Saying yes to the person and no to the behaviour
Critical performance reviews are a challenge for managers. It’s one of their toughest jobs. And normally they don’t like it. However, it’s their role to make sure that employees are measuring up with standards and targets. On the other hand they have to engage and motivate their people. What to do when both responsibilities seem to contradict? Especially in situations where employees have not carried out their jobs properly or misbehaved. As HR manager guide your managers through this difficult process. Help them in delivering effective reviews by sharing our hands-on guideline “How to fix a performance problem”:
Make an appointment and send an official invitation.
Schedule sufficient time and express the meeting’s significance clearly.

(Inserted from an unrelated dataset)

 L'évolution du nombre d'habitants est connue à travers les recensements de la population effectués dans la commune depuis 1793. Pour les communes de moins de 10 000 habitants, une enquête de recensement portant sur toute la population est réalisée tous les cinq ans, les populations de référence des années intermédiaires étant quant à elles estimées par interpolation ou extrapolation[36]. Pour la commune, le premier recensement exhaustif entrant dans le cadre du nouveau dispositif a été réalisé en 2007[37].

Emphasize its importance according to the seriousness of the deviation.
You want the employee to improve his performance or to change his behaviour. Therefore, it’s important to build rapport and to take care of the overall relationship. The subject of the conversation should be the employee’s performance or behaviour, not the employee himself. By separating these two aspects you show respect while making clear that you can’t tolerate the low performance or bad behaviour. Begin the conversation - if possible – with appreciating a positive aspect, even though the reason for this meeting is a negative consequence.

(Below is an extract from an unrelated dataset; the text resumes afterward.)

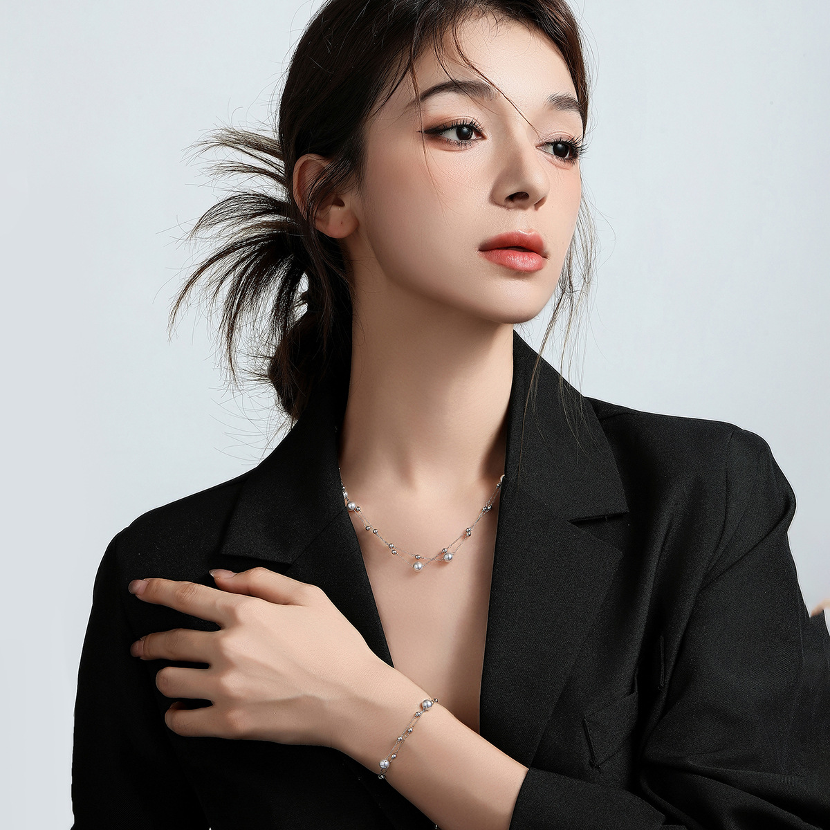 SKU:YY-0703-Steel - Double Layer - Grey Bead Necklace

Tell the employee what hasn’t been respected and how his behaviour conflicts with the organization’s expectations, standards and principles. Use a closed question to check if the employee agrees with the principle:
“Do you agree that we treat all of our clients with respect?”
“Do you agree that deadlines have to be observed?”
“Do you agree that we admit our faults and don’t blame others?”
Make clear why you have to give the employee this negative review, why you can’t accept his performance or behaviour. Explain what you’ve observed, be specific and focus on the facts! Avoid any expressions that convey your opinion or judgment. Otherwise, the employee could see this as a personal attack.
After you’ve stated clearly that the low performance or misbehaviour isn’t acceptable, ask the employee what he’s going to change. Don’t be disappointed if you find that the answer isn’t precise enough! Ask further questions that will help the employee to develop a more concrete answer! Your final agreement should be precise and set concrete goals to avoid any different interpretations. Let your employee sign this agreement.
Schedule a follow-up meeting to monitor the progress. The agreement of this meeting is the basis for the next one.